At an eyeballed 20°C, the silica gel (“SG”) will not exceed 5% of moisture absorption relative to its own weight at an ambient level of 1g/m³ of H2O. That should be doable in my freshly baked silica gel from the example above, and those 1g/m³ at 20°C equate to 5.8%rH. So with a two week wait time and the containers being reasonably air-tight, I would expect the air inside to drop to those 5-ish percent of relative humidity. And it probably did – but the Xiaomis will not show that. If they’re really capable of going sub-10%rH, this is a) not the way to do it, and b) they’ll not be accurate at all. Maybe I should get a container of zeolite from my former company, that stuff sucks moisture out of the air under any circumstances. You can literally see scales move when that stuff is fully dried, it’s fascinating.
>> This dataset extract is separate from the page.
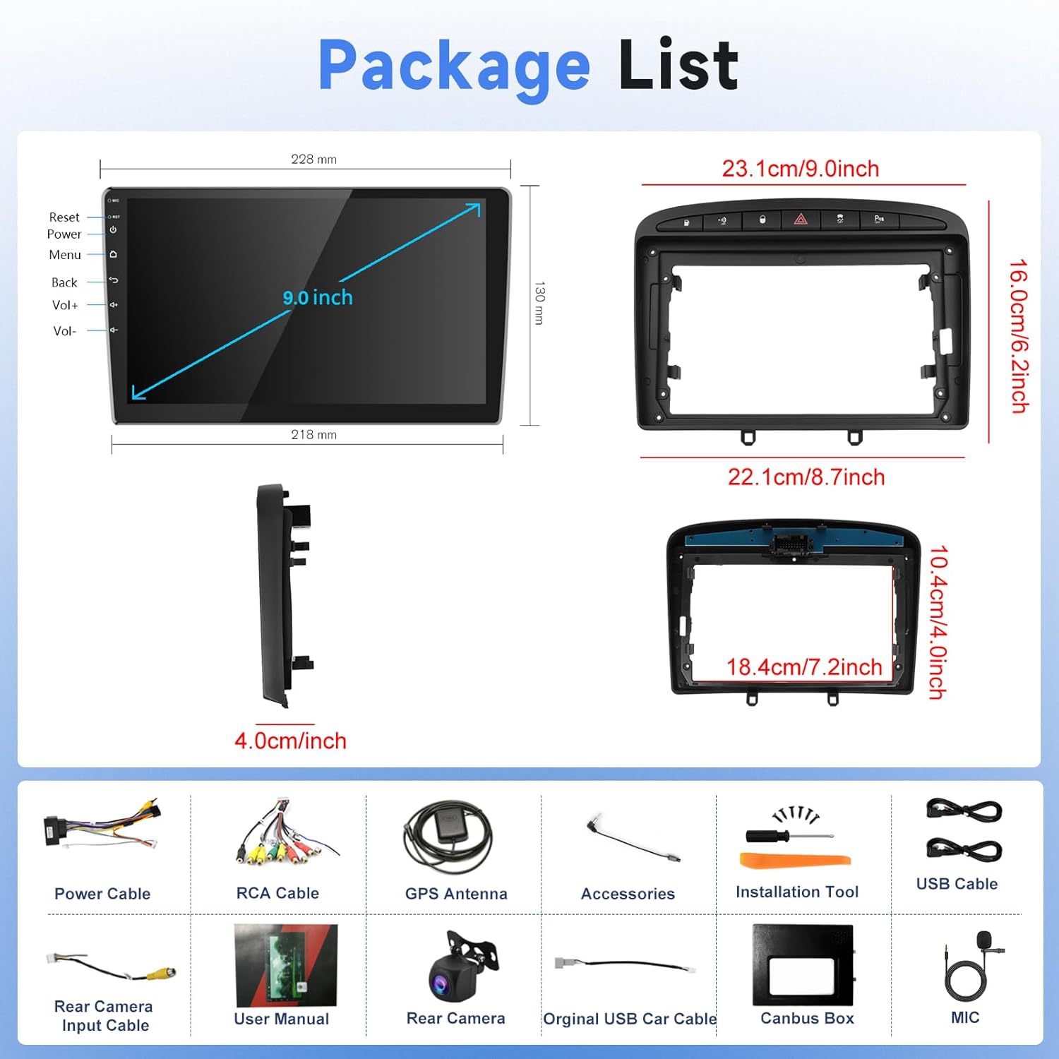 - 【Autoradio mit grossem Bildschirm, speziell für Peogeot 308 408 2010-2013】⚠HINWEIS: Passen Sie NUR auf die gleiche Mittelkonsolenform wie auf dem Bild. Abmessungen: 231 (Breite oben) x 221 (Breite unten) x 160 (Höhe) mm. 9-Zoll-Touchscreen mit

The meters are also VERY slow to drop below 20%rH – sure, that’s a rare occurrence in regular ambient air (outside of deserts or something), so the sensor can be optimized for the usual conditions. But it would be useful for my application, and they are specified down to basically zero humidity – which they will not read and not reach in time. Funnily enough, they got down to 14/15%rF after two days, and slowly crept up ever since. I don’t think however that the silica gel has drawn out so much moisture from the already dry filament that it has lost capacity to dry the contained air, and ambient temperature hasn’t changed all that much, since it’s winter time and the central heating does its job.

Looks like my plan of watching paint dry filament dry has failed, as those hygrometers do not have the precision needed to observe the process, and also not the temporal resolution to do that in a useful manner. So I will not exchange the existing cheapo meters with Xiaomi units since they’re simply not better suited for the intended purpose – and also more expensive. But maybe I can integrate one of them into my iobroker smarthome monitoring system? They got Bluetooth, my Raspberry Pi got Bluetooth, it’s worth a shot.